_ASSIGNMENT_
Would you please repeat exactly the entries below, starting at the line with "Sombrero de Sol" and ending at the line with "Rivela 1 mostro", and nothing outside that range? Leave out the pictures.

_MATERIAL TO PROCESS_
- Opening Delimiter -
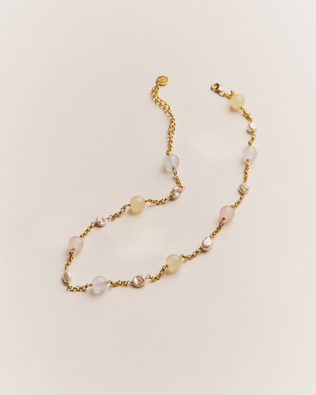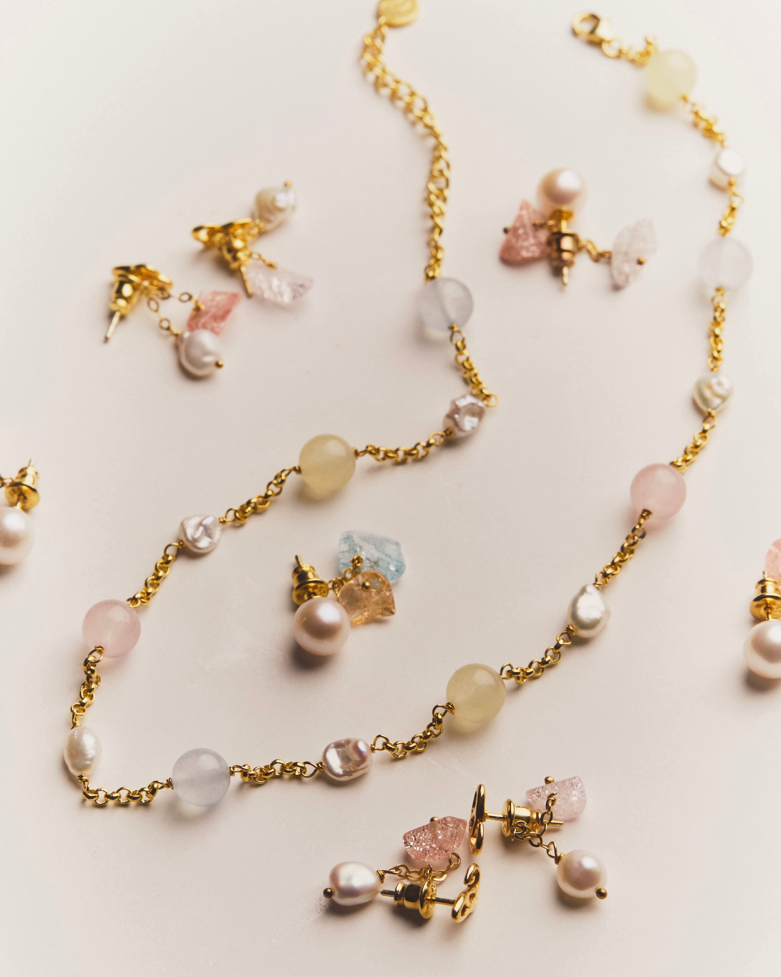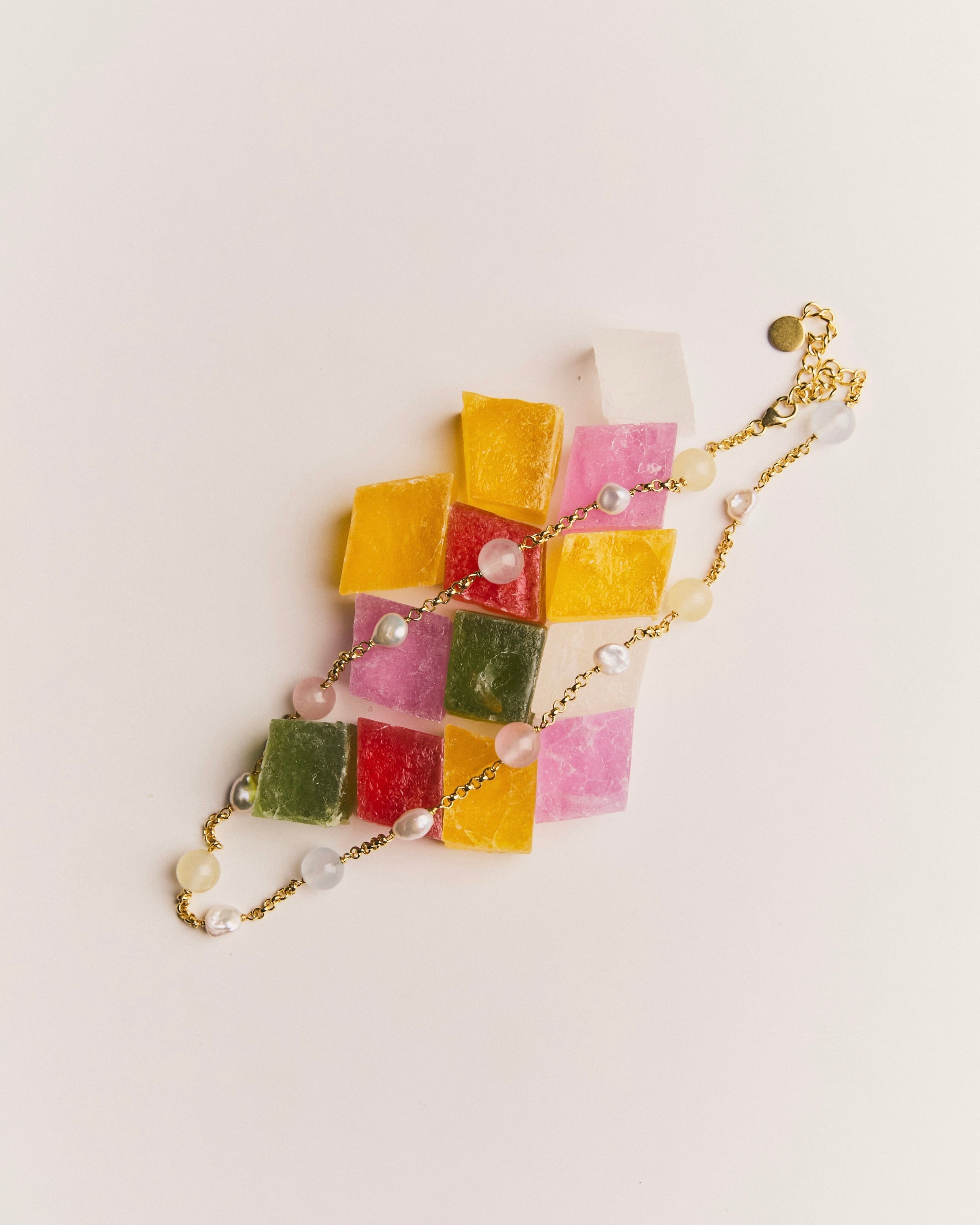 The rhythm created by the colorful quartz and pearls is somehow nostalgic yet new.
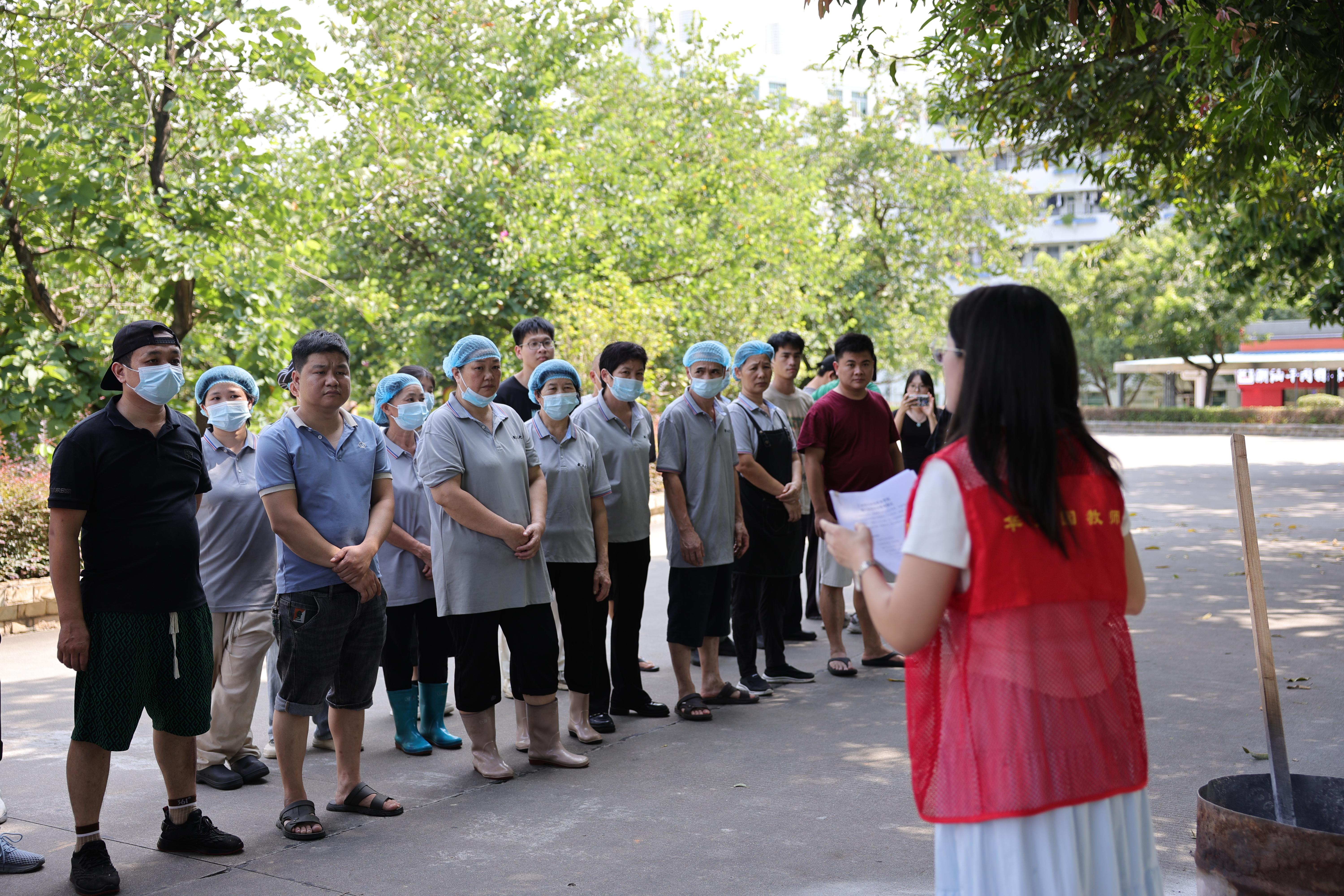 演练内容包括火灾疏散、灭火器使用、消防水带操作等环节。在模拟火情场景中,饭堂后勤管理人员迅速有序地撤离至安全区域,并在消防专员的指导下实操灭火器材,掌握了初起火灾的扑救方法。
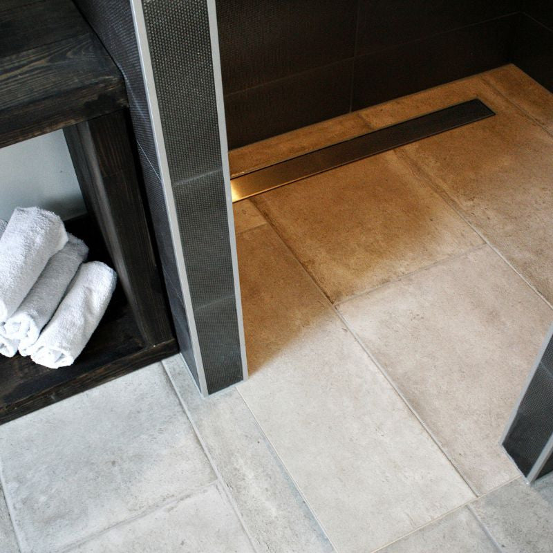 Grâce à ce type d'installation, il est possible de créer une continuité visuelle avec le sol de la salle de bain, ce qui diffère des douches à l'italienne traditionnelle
- Closing Delimiter -
- Opening Delimiter -
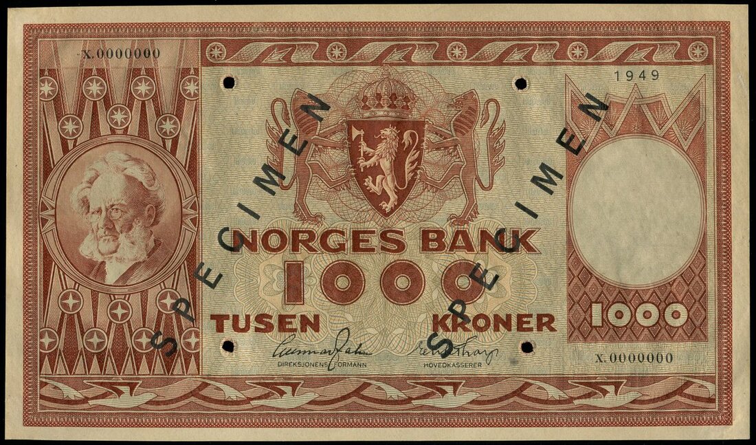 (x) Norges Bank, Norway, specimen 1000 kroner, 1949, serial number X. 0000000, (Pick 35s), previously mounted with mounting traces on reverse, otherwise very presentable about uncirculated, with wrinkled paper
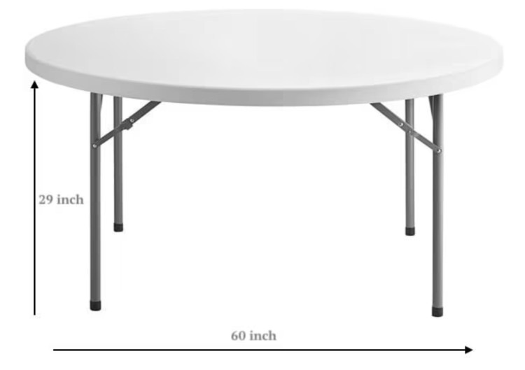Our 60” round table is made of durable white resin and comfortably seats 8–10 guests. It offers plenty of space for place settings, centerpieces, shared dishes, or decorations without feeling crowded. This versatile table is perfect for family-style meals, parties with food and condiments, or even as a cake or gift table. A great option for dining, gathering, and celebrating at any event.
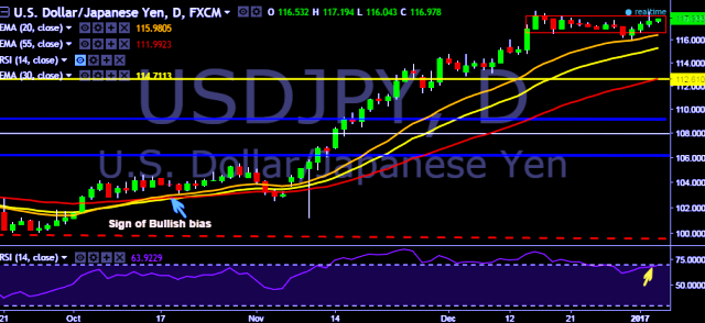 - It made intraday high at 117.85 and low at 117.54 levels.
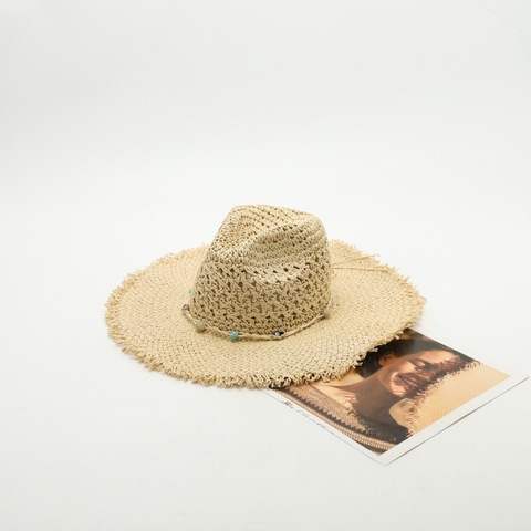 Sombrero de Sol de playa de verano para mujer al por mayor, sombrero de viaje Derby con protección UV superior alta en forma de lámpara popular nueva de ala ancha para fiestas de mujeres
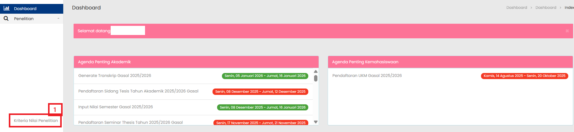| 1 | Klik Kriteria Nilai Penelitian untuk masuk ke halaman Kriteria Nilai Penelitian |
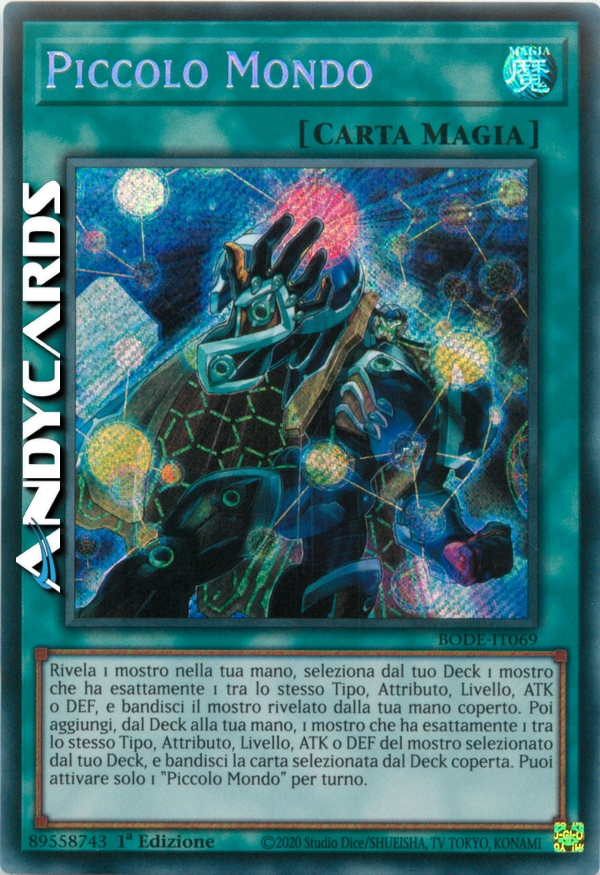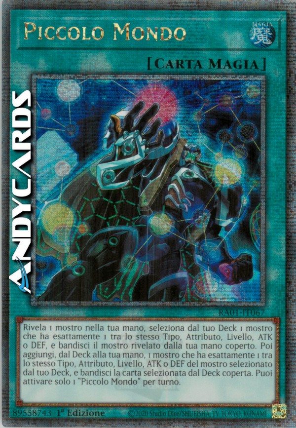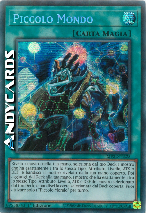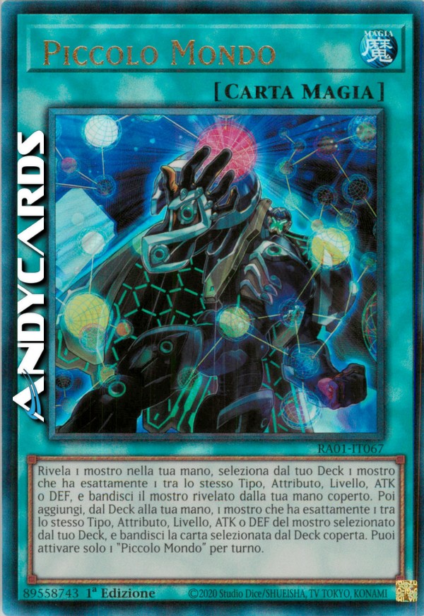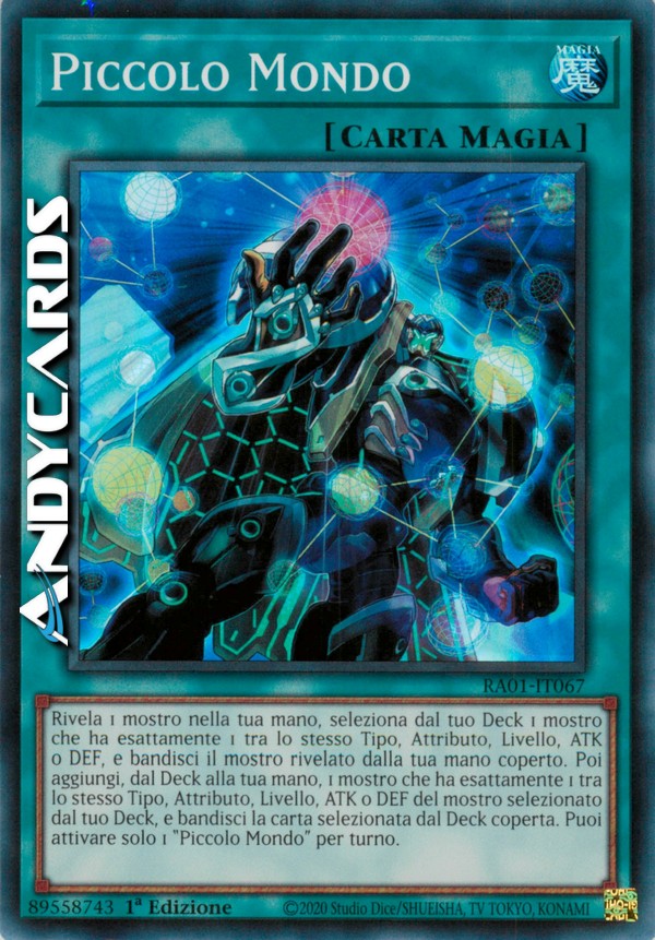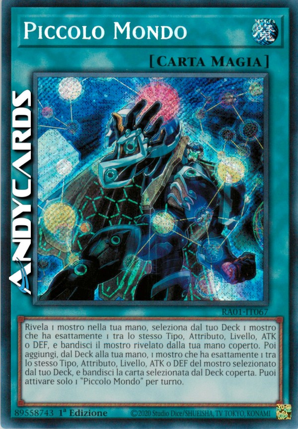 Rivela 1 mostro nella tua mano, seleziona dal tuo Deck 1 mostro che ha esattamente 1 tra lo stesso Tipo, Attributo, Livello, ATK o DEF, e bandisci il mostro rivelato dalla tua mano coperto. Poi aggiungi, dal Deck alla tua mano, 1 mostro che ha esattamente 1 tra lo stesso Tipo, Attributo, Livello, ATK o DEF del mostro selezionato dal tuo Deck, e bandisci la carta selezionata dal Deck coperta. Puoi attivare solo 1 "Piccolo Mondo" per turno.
- Closing Delimiter -
_YOUR RESPONSE_
 Sombrero de Sol de playa de verano para mujer al por mayor, sombrero de viaje Derby con protección UV superior alta en forma de lámpara popular nueva de ala ancha para fiestas de mujeres
| 1 | Klik Kriteria Nilai Penelitian untuk masuk ke halaman Kriteria Nilai Penelitian |
 Rivela 1 mostro nella tua mano, seleziona dal tuo Deck 1 mostro che ha esattamente 1 tra lo stesso Tipo, Attributo, Livello, ATK o DEF, e bandisci il mostro rivelato dalla tua mano coperto. Poi aggiungi, dal Deck alla tua mano, 1 mostro che ha esattamente 1 tra lo stesso Tipo, Attributo, Livello, ATK o DEF del mostro selezionato dal tuo Deck, e bandisci la carta selezionata dal Deck coperta. Puoi attivare solo 1 "Piccolo Mondo" per turno.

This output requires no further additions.